General FT Requirements and Recommendations               
Cluster and host requirements :
* VMware FT can  only  be used in  a  VMware HA cluster. * Ensure  that  all  ESX  hosts in  the  VMware HA cluster  have identical  ESX  versions  and  patch levels.vLockstep technology only works between Primary and Secondary VMs on hosts running identical versions of ESX. Please see the section on Patching hosts running VMware FT virtual machines for recommendations on how to upgrade hosts that are running FT virtual machines. * ESX  host  processors  must be VMware FT capable and  belong  to  the  same processor model family.VMware FT capable processors required changes in both the performance counter architecture and virtualization hardware assists of both AMD and Intel. * VMware FT does not disable AMD’s  Rapid Virtualization  Indexing  (i.e.,  nested  page tables)  or  Intel’s  Extended Page Tables for the ESX host, but it is automatically disabled for the virtual machine when turning on VMware FT. However, virtual machines without FT enabled can still take advantage of these hardware-assisted virtualization features. * VMware FT is  supported  on ESX  hosts which have hyper-threading enabled or disabled. Hyper-threading does not have to be disabled on these systems for VMware FT to work. Storage requirements :

  • Shared storage required – Fibre channel, iSCSI, or NAS.
  • Turning on VMware FT for a virtual machine first requires the virtual machines’ virtual disk (VMDK) files to be eager zeroed and thick-provisioned. During the process of turning on VMware FT, a message will state this requirement. The message asks whether or not it should convert the virtual disk to the supported format of eager-zeroed and thick-provisioned. The user must convert the virtual disk at this time in order to proceed with turning on VMware FT. Alternatively, the user may wish to convert the virtual disks before they turn on VMware FT to allow for a quicker VMware FT turn-on process at a later time. So, thin-provisioned or lazy-zeroed disks could be converted during off-peak times through two methods:
  • Use the vmkfstools –diskformat eagerzeroedthick  option in the vSphere CLI when the virtual machine is powered off.
  • Inflate the virtual disk, defaults to eagerzeroedthick. (thin to thick provisioning): /vmfs/volumes/54e226a0-5e31baf3-0477-005056ba5da5/Win7-01 # vmkfstools –inflatedisk Win7-01_1.vmdk
  • Set cbtmotion.forceEagerZeroedThick = “true”  flag in the .vmx file before powering on the virtual machine. Then use VMware Storage VMotion to do the conversion.
  • Backup solutions within the guest operating system for file or disk-level backups are supported. However, these applications may lead to the saturation of the VMware FT logging network if heavy read access is performed. In fact, saturation of the FT logging network could occur for any disk-intensive workload. The resulting network saturation may affect and lower the performance of the VMware FT-enabled virtual machine. Do not run a lot of VMware FT virtual machines with high disk reads and high network inputs on the same ESX host.
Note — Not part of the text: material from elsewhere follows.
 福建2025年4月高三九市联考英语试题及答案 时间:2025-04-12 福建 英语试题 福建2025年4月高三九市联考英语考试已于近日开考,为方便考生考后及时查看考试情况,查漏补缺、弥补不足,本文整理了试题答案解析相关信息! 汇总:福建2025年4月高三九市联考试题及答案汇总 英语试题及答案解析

Networking recommendations

  • At a  minimum, use 1  GbE  NICs  for VMware FT logging  network.  Use 10  GbE  NICs  for increased bandwidth  of  FT logging traffic.
  • Ensure  that  the  networking  latency between  ESX  hosts is  low  Sub-millisecond  latency is  recommended for the FT logging network. Use vmkping to measure the latency.
  • VMware vSwitch settings on the  hosts should  also  be uniform,  such  as  using the  same VLAN for VMware FT logging, to make these hosts available for placement of Secondary VMs Consider using a VMware® vNetwork Distributed Switch to avoid inconsistencies in the vSwitch settings.
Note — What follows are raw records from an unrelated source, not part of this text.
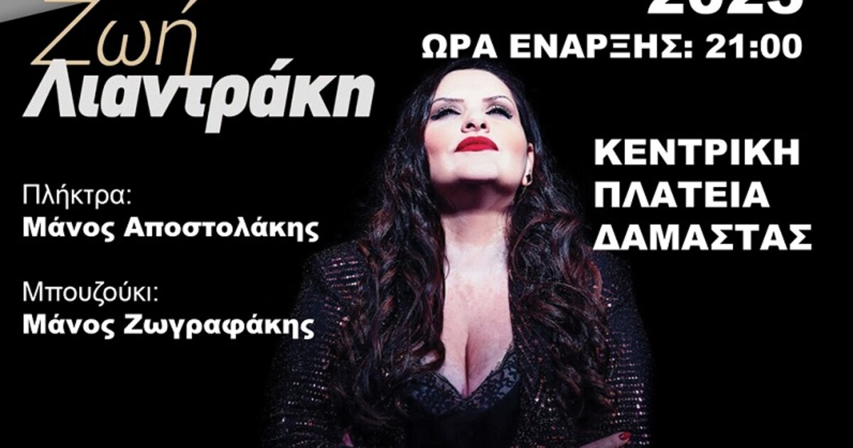 Το Σάββατο 12 Αυγούστου 2023 και ώρα 9.00 μ.μ., στην κεντρική πλατεία Δαμάστας, θα πραγματοποιηθεί μουσική συναυλία με την Ζωή Λιαντράκη. Στα πλήκτρα ο Μάνος Αποστολάκης και στο μπουζούκι ο Μάνος Ζωγραφάκης.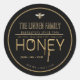 Schwarzes Etikett mit goldenem Text und Rahmen. HONEY wird in einer "geprägten" metallischen Goldneigung mit Honigglätten bedruckt. Ihr Farm oder Ihr Name ist in einem offenen Schriftart gedruckt. Nachbearbeitbarer Text unter dem Namen für den Ort oder Honigsorte. "reinrassig-lokal" kann auf ein oder zwei Zeilen zu Ort und Kontaktinformationen geändert werden. Bitte kontaktieren Sie den Verkäufer, wenn Sie Hilfe bei der Formatierung wünschen. Gute Bienenzucht!
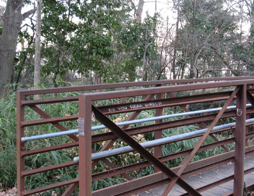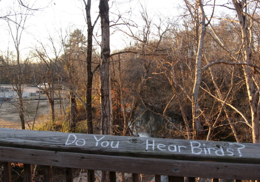 Julie’s installation consists of a poster about her piece inviting people to chalk “Do You Hear Birds?” in places they heard them, with a large pile of beautifully printed and wrapped chalks for people to pick up. Her blog documents responses. The piece is part of a show called “Local Histories.” Saturday, March 5, Julie is conducting a bird walk in association with her installation.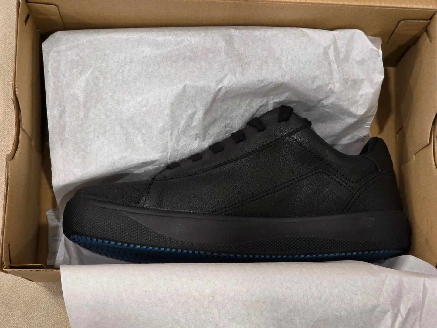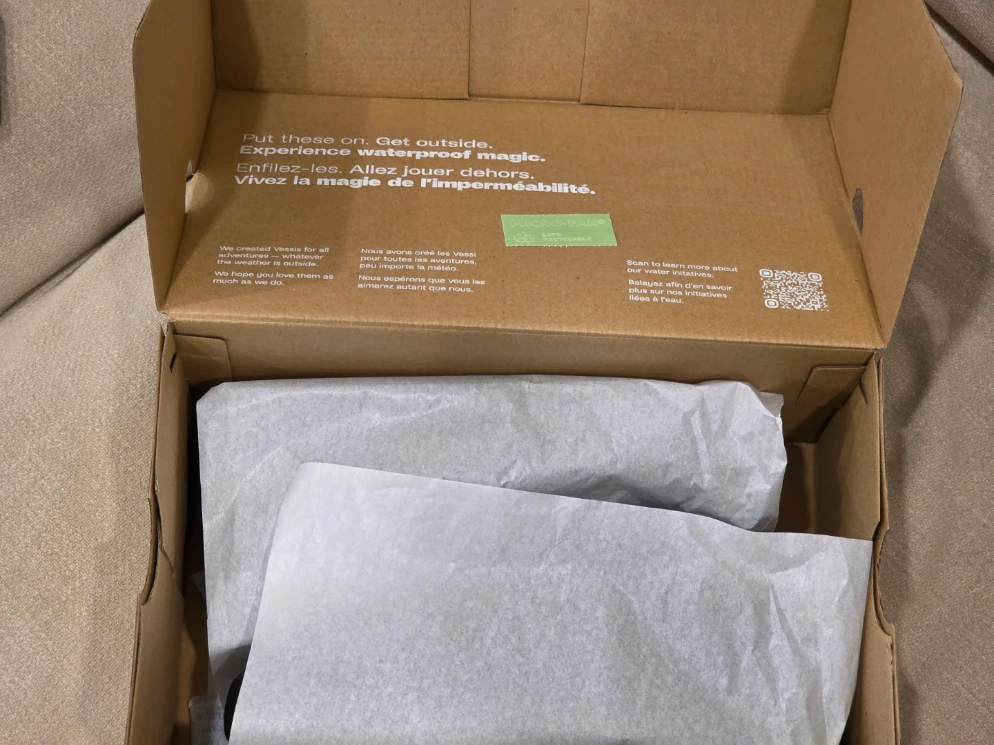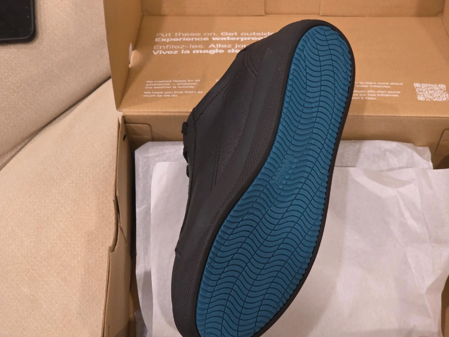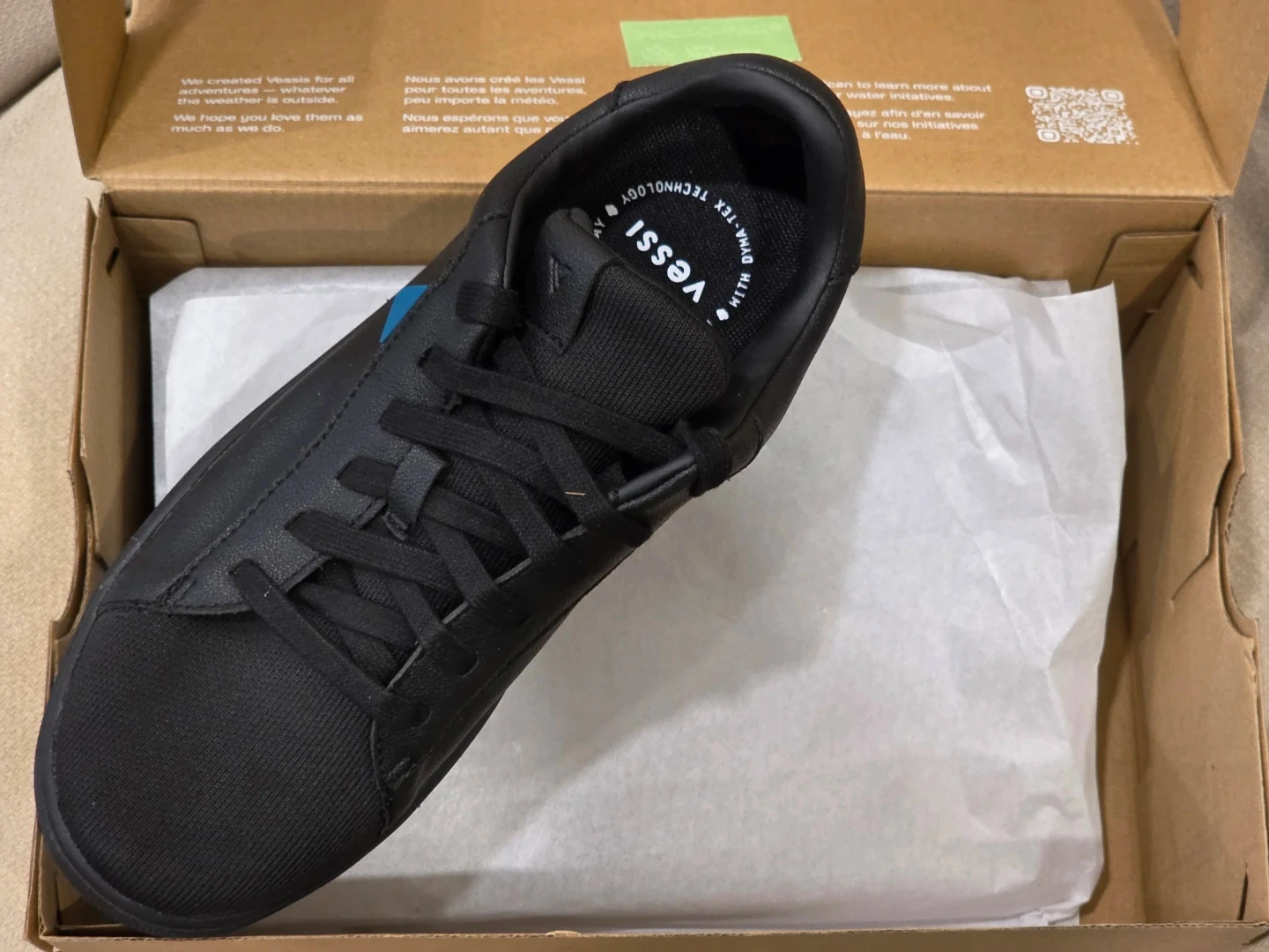 These are Vessi black waterproof shoes. They're designed for all adventures, keeping you dry no matter the weather. The shoes are made with DWR-treated natural rubber and a unique HydroTeka technology for breathability. The soles have a distinctive blue wave pattern for grip.

Networking Baseline recommendation:

  • Preferably, each host has separate 1 GbE NICs for FT logging traffic and VMotion. The reason for recommending separate NICs is that the creation of the Secondary VM is done by migrating the Primary VM with VMotion. This can produce significant traffic on the VMotion NIC and could affect VMware FT logging traffic if the NICs are shared.
  • It is preferable that the VMware FT logging NIC has redundancy, so that no unnecessary failovers occur if a single NIC is lost. As described in the steps below, the VMware FT logging NIC and VMotion NIC can be configured so that they will automatically share the remaining NIC if one or the other NIC fails.
  1. Create a vSwitch that is connected to at least two physical NICs.
  2. Create a VMware VMkernel connection (displayed as VM kernel Port in vSphere Client) for VMotion and another one for FT traffic.
  3. Make sure that different IP addresses are set for the two VMkernel connections.
  4. Assign the NIC teaming properties to ensure that VMotioand FT use different NICs as the active NIC:
  • For VMotion: Set NIC A as active and NIC B as passive.
  • For FT: Set NIC B as active and NIC A as passive.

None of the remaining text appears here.